On a ensuite décidé de passer l'après-midi ensemble. On flâne dans le village qui, le jour, peut-être un endroit charmant. Ce dernier est de forme circulaire. On y trouve au centre la Grande Place du village, où toutes les grandes décisions sont prises. Puis, autour, il y a tous les autres bâtiments: boulangerie, église et maisons entre autres. Tout cela est entouré d'une palissade en bois, censée assurer notre protection, mais ayant visiblement failli à sa tâche. Si tout le monde n'avait pas été complètement terrorisé, le village aurait pu être un petit paradis sur Terre. Mais ce n'est pas le cas. Tout le monde se méfie de tout le monde, à quelques exceptions près, et tout le monde a peur. Tout le monde, sans exception. Le petit paradis s'est alors transformé en petit enfer. Thiercelieux est devenu un endroit où il ne fait pas bon vivre.

Sauf qu'avec Alyss, tout change. Thiercelieux retrouve son charme d'antan et redeviens le village que j'aimais tant. Avec Alyss, je me sens mieux. Avec elle, je me sens bien. C'est indescriptible ce que je ressens, comme si Alyss dégageait une aura apaisant partout où elle va. Tout l'après-midi, je revis les années passées, quand le village contenait une centaine d'habitants. Quand les loups-garous ne rôdaient pas la nuit. Quand on ne se barricadait pas la nuit. Quand on vivait bien. Tout l'après-midi, je parle avec Alyss. On se confie l'un à l'autre. On se révèle nos plus sombres secrets, enfouis au plus profond de nous. On vit un véritable rêve éveillé. Ce matin, j'écrivais que c'était une drôle de sensation de voir son amie perdre sa mère et rester impassible. C'en est une bien plus particulière qu'est celle de voir cette même amie perdre ses 2 parents et tout de même passer un après-midi merveilleux. On est par la suite dérangés par ma mère qui vient m'annoncer que c'est l'heure de manger, puis qu'il faudra se mettre au lit peu après. Ma mère invite alors Alyss à venir manger et coucher chez nous cette nuit. Alyss accepte l'invitation pour le repas, mais décline celle du coucher, déclarant que même s'il n'y a personne chez elle, elle préfère tout de même dormir dans sa maison. Je suis un peu déçu, mais Alyss me rassure en me disant une fois ma mère partie: « On se refera ça, cette nuit ». Je suis content. Je la reverrai cette nuit, et de nouveau, on courra ensemble. J'ai hâte. Tout sera parfait avec une fille comme ça.

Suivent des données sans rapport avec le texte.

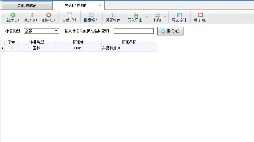 ????在功能導航窗點擊“擴展應(yīng)用”—》“產(chǎn)品標準維護”可以打開產(chǎn)品標準維護界面,可以維護產(chǎn)品標準。
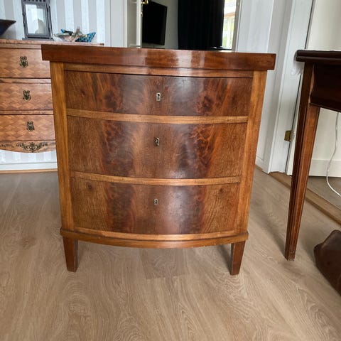 Den er aldrig blevet restaureret, fordi jeg kan lide, at mine møbler ældes med mig. Billedet viser den centrale dør uden den monterede. Døren er dog inkluderet, så kommoden har i alt fire centrale døre.
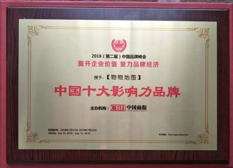 新榮譽 新鞭策 新起點 --祝賀【物物地圖】榮獲“2018中國十大影響力品牌”
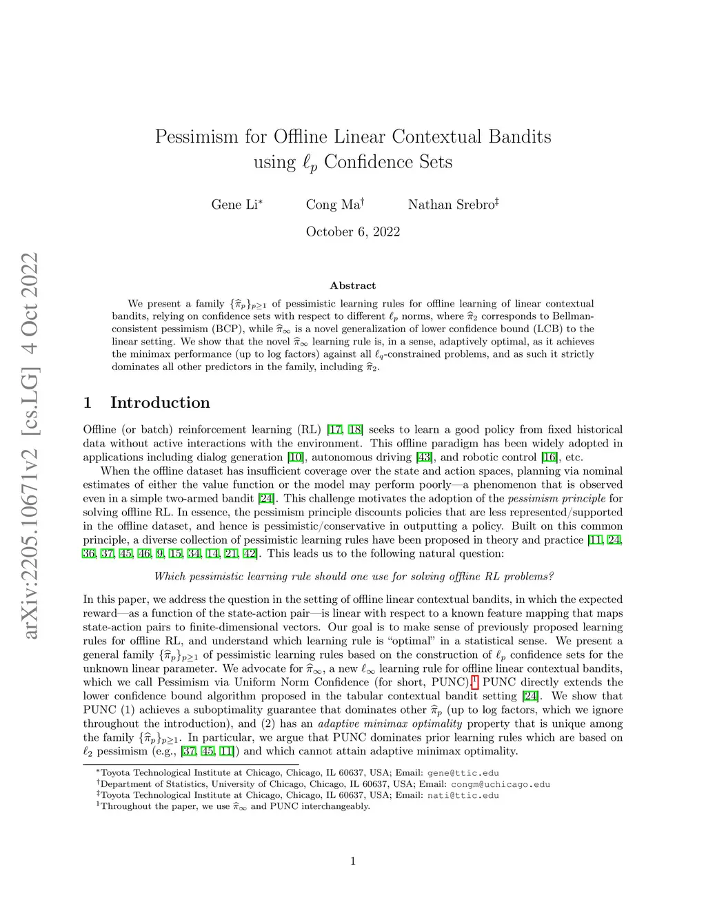 We present a family of pessimistic learning rules for offline learning of linear contextual bandits, relying on confidence sets with respect to different norms, where corresponds to Bellman-consistent pessimism (BCP), while is a novel generalization of lower confidence bound (LCB) to the linear setting. We show that the novel learning rule is, in a sense, adaptively optimal, as it achieves the minimax performance (up to log factors) against all -constrained problems, and as such it strictly dominates all other predictors in the family, including .
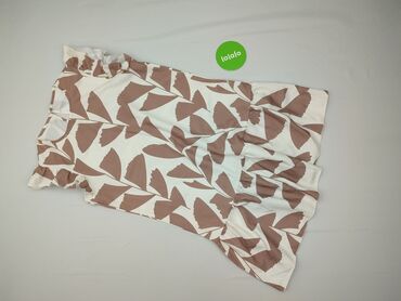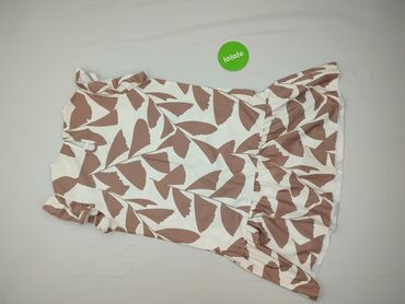 Wymiary orientacyjne (dla M): klasyczna szerokość w biuście i talii, luźny dół z falbaną. Kolorystyka: krem/biel z ciepłym brązem. Marka i metki widoczne na zdjęciach.
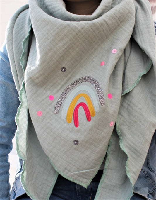 Girls muslin scarf, muslin scarf, muslin scarf, rainbow scarf, rainbow scarf, confetti, glitter, muslin mint, gray children's scarf
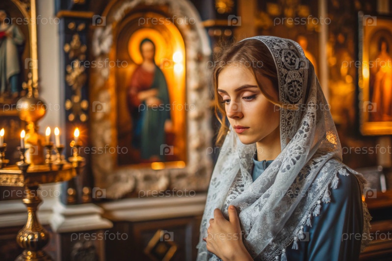 Портрет красивой молодой женщины с платками в православной церкви.Девушка молится в церкви среди икон
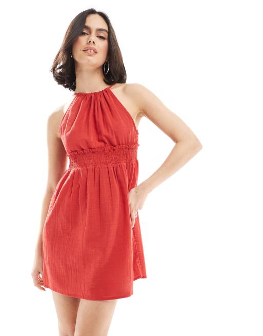 Wednesday's Girl - Vestito corto con spalline sottili allacciato al collo rosso acceso
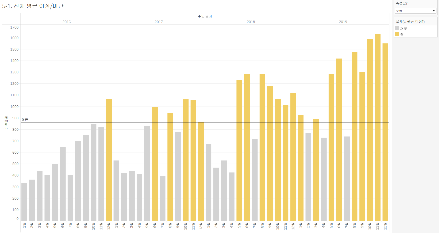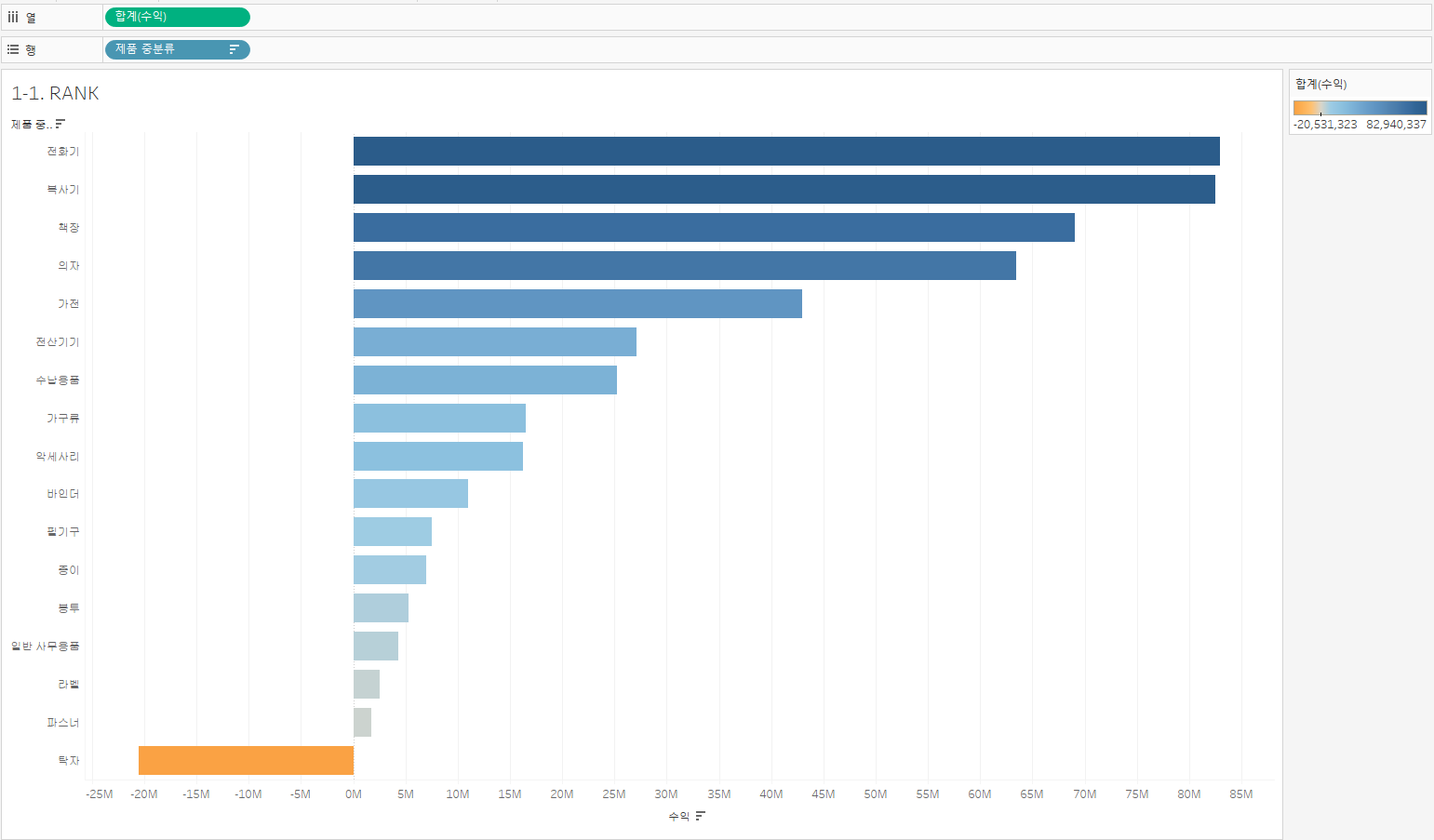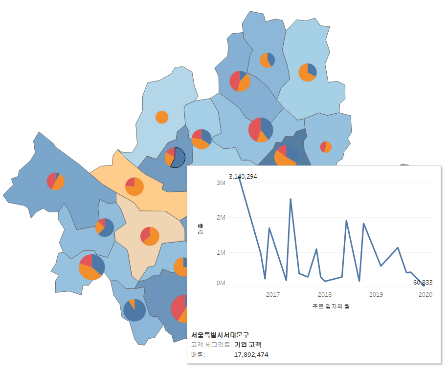 https://youtu.be/g8KAJr9I308 위 강의를 보고 실습하면서 정리한 내용입니다. ▶ DATEPART & DATETRUNC 함수 활용 [DATEPART - 날짜 형식을 정수로 바꿔주는 함수 (불연속형)] 날짜 형식을 선반에 올려놓으면 자동적으로(불연속형일 경우) DATEPART 함수가 사용된다. [DATETRUNC - 날짜 형식을 정수로 바꿔주는 함수 (연속형)] 날짜 형식을 선반에 올려놓으면 자동적으로(연속형일 경우) DATETRUNC 함수가 사용된다. 데이터의 형식은 연속형이지만, 보여주는 방식을 분절해서 보여주고 싶다면 '불연속형'으로 변환한다. [DATEPART 활용하기 - 요일 표시] 1) 차원에 있는 [주문 일자]를 마우스 오른쪽 버튼 클릭하고 행에 드래그하여 '주문 일자 (불..
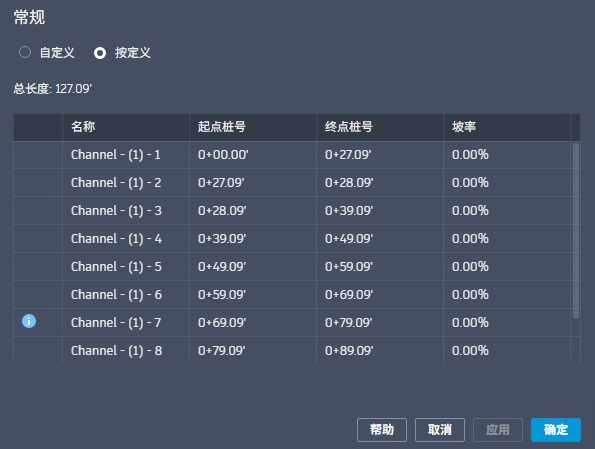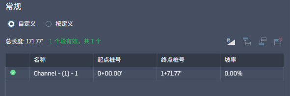 如定义。允许根据沿基准线的坡率变化自动创建渠道段。

Durant le souper, tout le monde se parle. Ma mère fait connaissance Alyss et elles s'entendent plutôt bien. Malheureusement, ma mère m'annonce une terrible nouvelle. Elle me dit que, même si je n'ai jamais essayé d'en apprendre plus sur ça, elle ressent le besoin de me le dire. Et elle prononce 5 mots. 5 terribles mots: « Ton père était un loup-garou ». Mon père était un loup-garou. Je suis abattu, je ne sais plus quoi dire. Mon père était un loup-garou. Et je lui ai fait confiance. Je l'aimais. J'aimais un loup-garou. Et je l'aime encore. Peu importe ce qu'il a bien pu faire, il a toujours été gentil avec moi et s'est sacrifié pour ma vie. Un loup-garou s'est sacrifié pour un vulgaire villageois. Peut-être même que c'est en partie grâce à lui si, ni ma mère ni moi nous sommes morts quand il était en vie. J'aimerai toujours mon père, et rien au monde ne changera cela.

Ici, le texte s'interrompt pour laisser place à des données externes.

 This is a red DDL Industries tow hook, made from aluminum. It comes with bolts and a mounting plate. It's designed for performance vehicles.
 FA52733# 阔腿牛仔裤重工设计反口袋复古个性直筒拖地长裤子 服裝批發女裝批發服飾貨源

C'est l'heure d'aller se coucher, il est déjà 9 heures. Alyss marche vers sa maison et je la regarde partir. Je lui dit alors: « Alyss? ». Elle retourne et m'écoute. Je prends mon courage à deux mains et déclare: « Je t'aime ». Elle se rapproche ensuite de moi, me regarde droit dans les yeux, et pose ses douces lèvres sur les miennes, m'offrant ainsi le plus beau cadeau du monde. Elle se retourne et, sans dire un mot, continue à marcher vers chez elle.